It is well-known that the synthesis speed of Lyapunov functions for low-dimensional nonlinear systems is very fast, especially with learning methods based on SMT solvers and counterexample-guided approaches. These methods not only provide formal correctness guarantees (in contrast to the simulation testing used in this paper) but also leverage efficient neural network architectures, demonstrating strong learning capabilities. However, the certified training framework proposed in this paper, based on the branch-and-bound idea, lacks theoretical support and does not discuss the soundness of the proposed method.
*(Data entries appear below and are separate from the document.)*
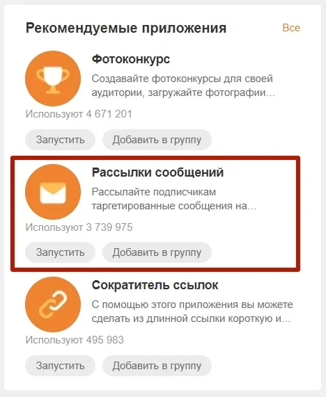 В Одноклассниках также есть собственное приложение для отправки рассылок от имени группы.
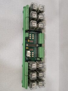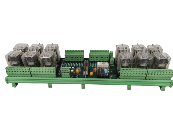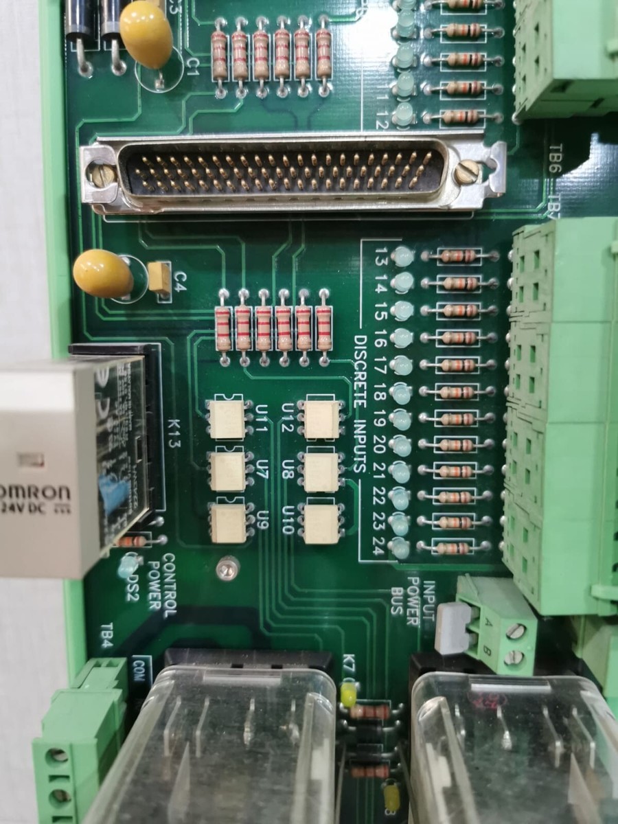 Features:The modules are inserted into card guides in the control's chassis and connected to the motherboard. Two screws, one at the top and one at the bottom of the front panel, hold the modules in place. There are also two handles at the top and bottom of the module that, when toggled (pushed outward), move the modules out just far enough for the boards to disengage the motherboard connectors.The module features a single interface port, which serves as the connection point between the module and the PLC system. Through this interface port, the module can communicate with the PLC and receive control signals or transmit status information.With its 13 relay circuits, it provides the capability to control and monitor various electrical loads or devices. The relays within the module act as switches, enabling the PLC system to turn the circuits on or off based on the control signals received.
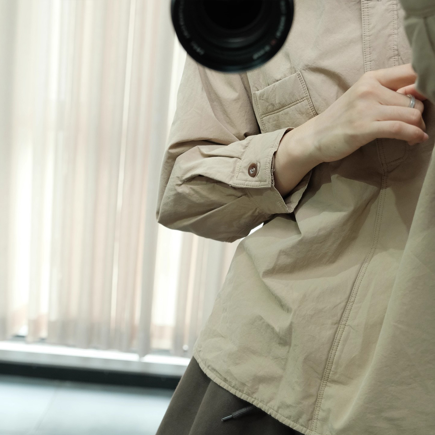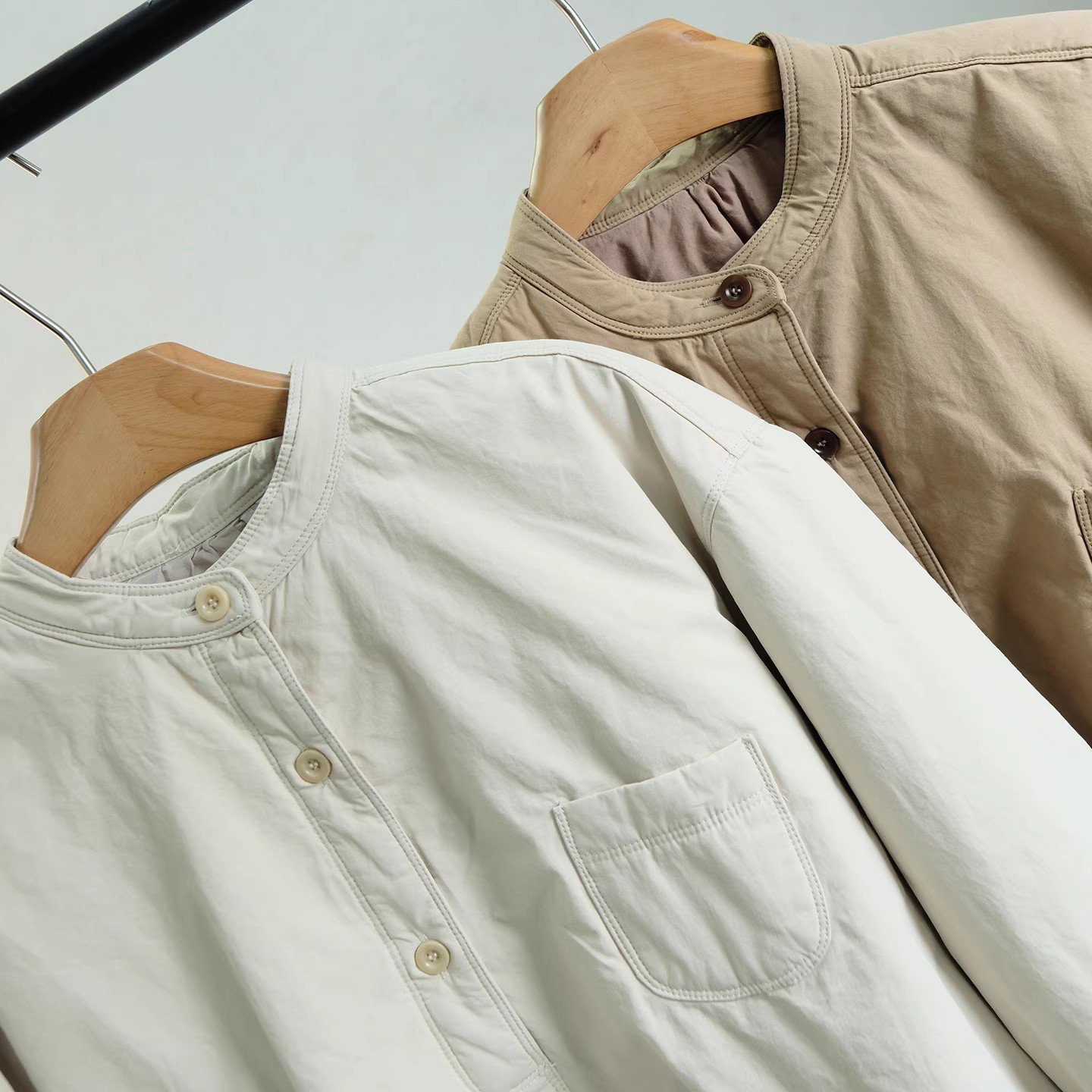 古与色韩版文艺半开扣立领宽松大码休闲百搭长袖夹棉衬衫棉衣女冬
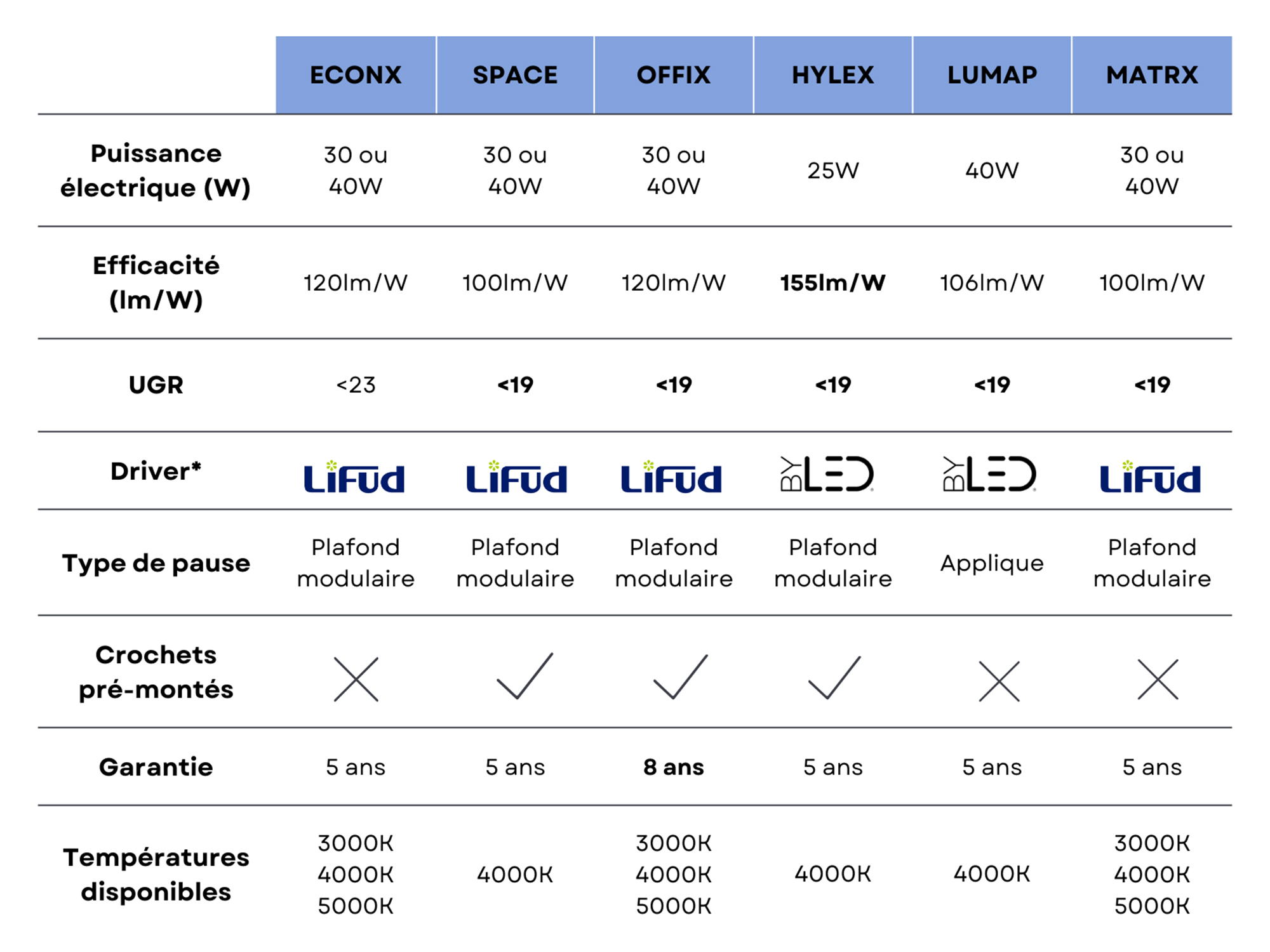 *Le driver varie en fonction du modèle de dalle : Lifud pour les versions non dimmables et AiDimming pour les systèmes DALI ou Triac.
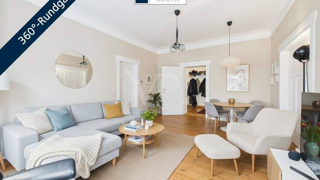 Bereits beim Betreten der Wohnung wird die klassische Altbaustruktur deutlich. Ein großzügiger zentraler Flur erschließt nahezu alle Räume und sorgt für eine übersichtliche und funktionale Raumaufteilung. Die typischen Merkmale eines stilvollen Altbaus, darunter großzügige Raumhöhen, große Fensterflächen sowie hochwertige Parkettböden, schaffen eine helle, offene Wohnatmosphäre und verleihen der Wohnung ihren unverwechselbaren Charakter.
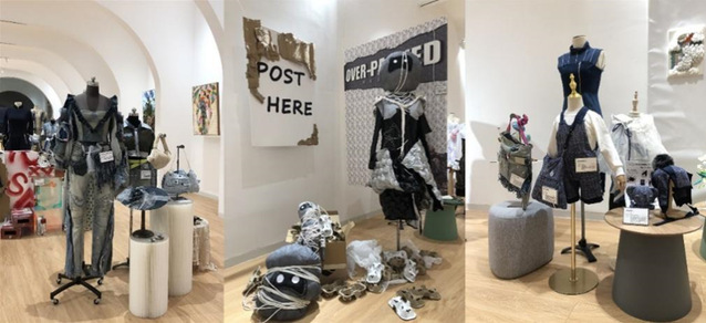 本次“环保时尚,永续发展”的公益展出,分“环保、创意、关爱”三个展区。环保展区体现了环境污染的严峻与环境保护的迫切;创意展区展示了废弃纺织品可以改制成实用性和创意性兼备的作品;关爱展区传递了人人可以参与环保再制行动的信息,促进大众对自身及家庭旧物的情感延续。现场嘉宾还热情的跟随学生一起亲手制作了环保工艺品。
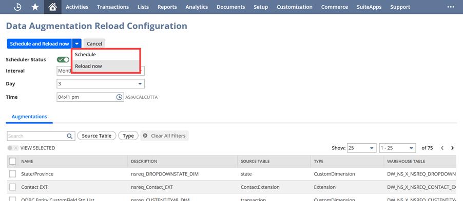 - Hover over the Schedule and Reload now button, then choose Schedule to set up future reloads with the parameters specified in step 4 or Reload now to initiate an immediate data reload. This starts a full data transfer for all the custom and supplemental fields you've selected.
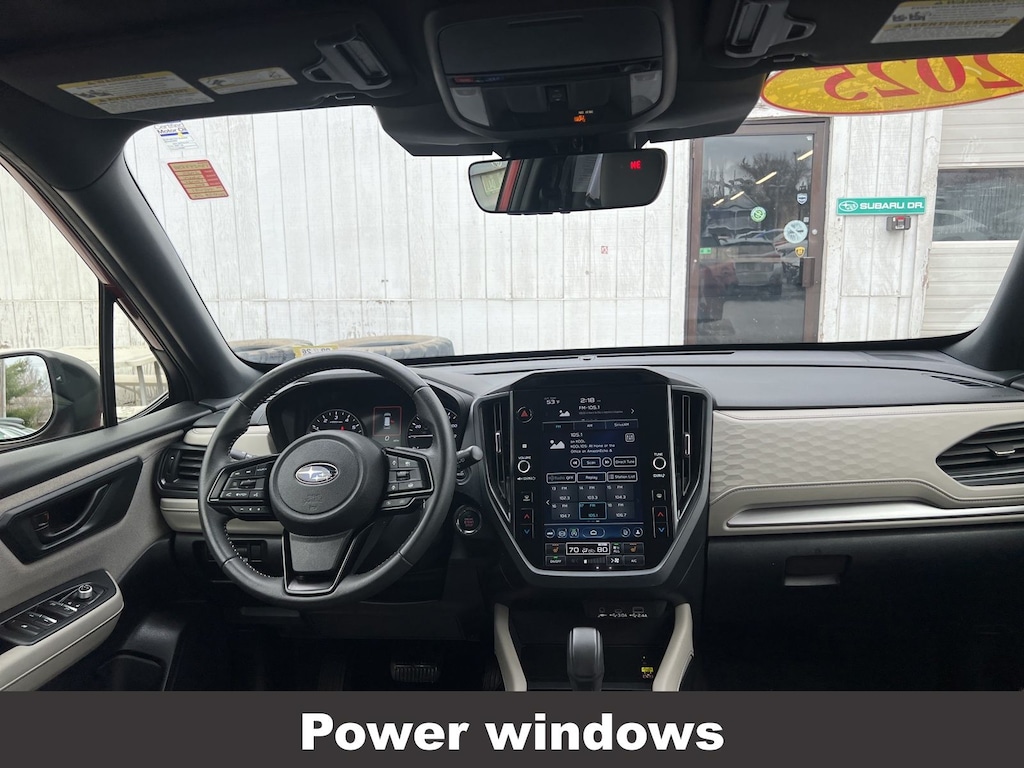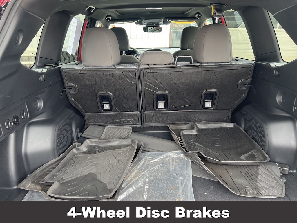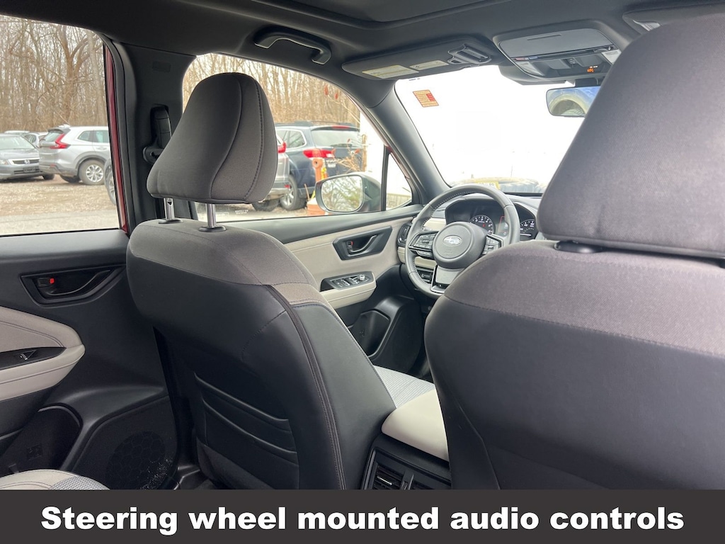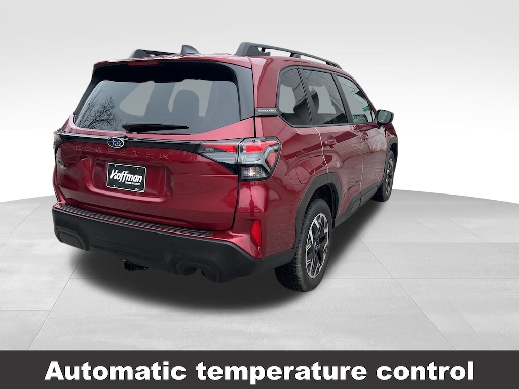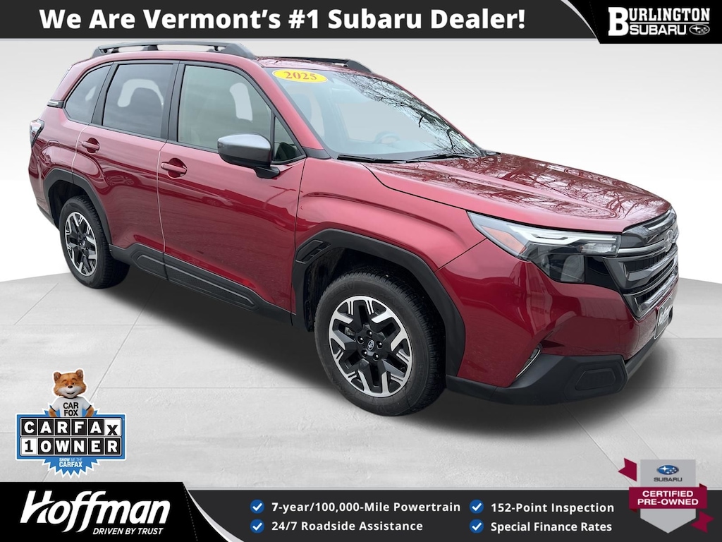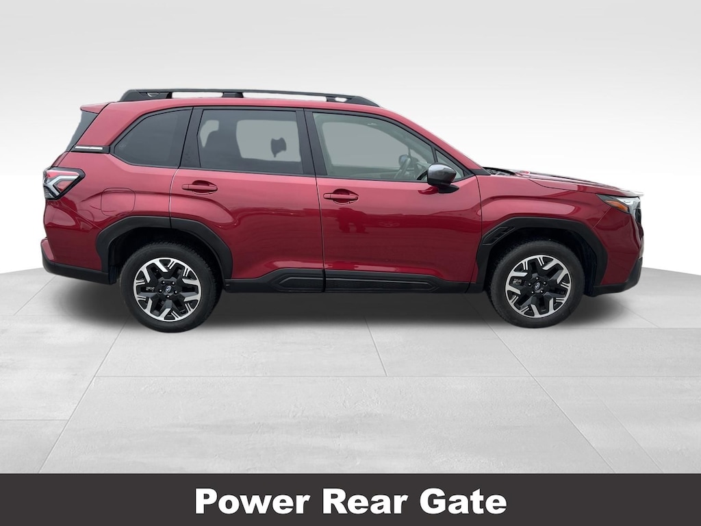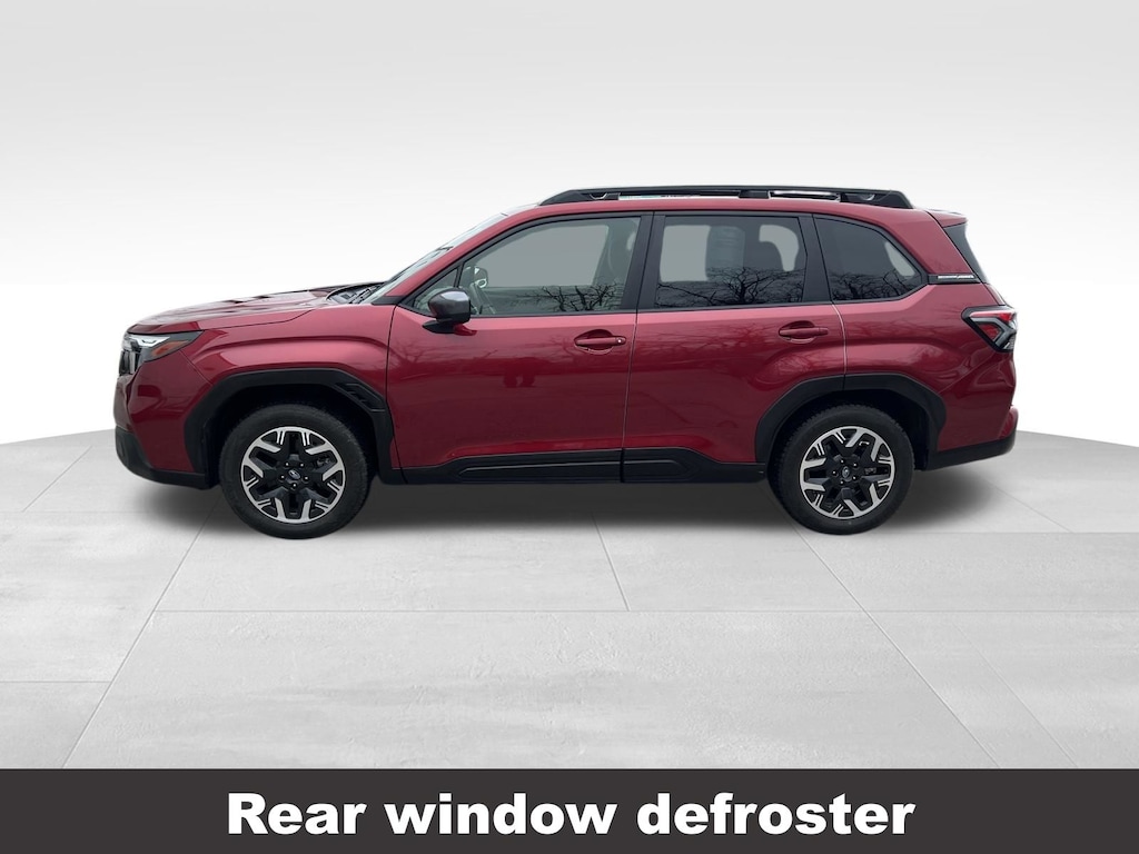 CARFAX One-Owner. Clean CARFAX. Subaru Forester Premium 2025 Certified. 4-Wheel Disc Brakes, ABS brakes, Air Conditioning, Alloy wheels, Anti-whiplash front head restraints, Auto High-beam Headlights, Automatic Emergency Steering, Automatic temperature control, Blind-Spot Detection (BSD)/RCTA System, Brake assist, Driver vanity mirror, Dual front impact airbags, Dual front side impact airbags, Electronic Stability Control, Exterior Parking Camera Rear, Four wheel independent suspension, Front dual zone A/C, Front fog lights, Front reading lights, Fully automatic headlights, Heated door mirrors, Heated Front Bucket Seats, Heated front seats, Illuminated entry, Knee airbag, Leather steering wheel, Low tire pressure warning, Occupant sensing airbag, Outside temperature display, Overhead airbag, Panic alarm, Passenger vanity mirror, Power door mirrors, Power driver seat, Power moonroof: Panoramic, Power Rear Gate, Power Rear Gate & Blind Spot Detection w/RCTA, Power steering, Power windows, Radio: Subaru 11.6" Multimedia Plus System, Rear window defroster, Rear window wiper, Remote keyless entry, Speed control, Speed-sensing steering, Split folding rear seat, Steering wheel mounted audio controls, Tachometer, Telescoping steering wheel, Tilt steering wheel, Traction control, Trip computer, Variably intermittent wipers.

The experimental section of this paper provides only limited comparisons with the related work of Yang et al., 2024, making it difficult to assess the reliability of the experimental results. The authors should also compare their method with other approaches to highlight the contributions of this work. Additionally, we would like to see more examples involving high-dimensional systems to demonstrate the efficiency of the proposed method.
Due to the limited length of the article, the discussion of related work should be appropriately integrated into the introduction. It is necessary to introduce the relevant theories and background on system stability and Lyapunov functions. The paper focuses on the work of Yang et al.; we suggest that the authors provide a brief explanation to highlight the differences between their method and the new approach presented in this paper.
问题
I would like to emphasize that this paper is well-written and clear. But there are some questions and uncertainties that I hope the authors can kindly address.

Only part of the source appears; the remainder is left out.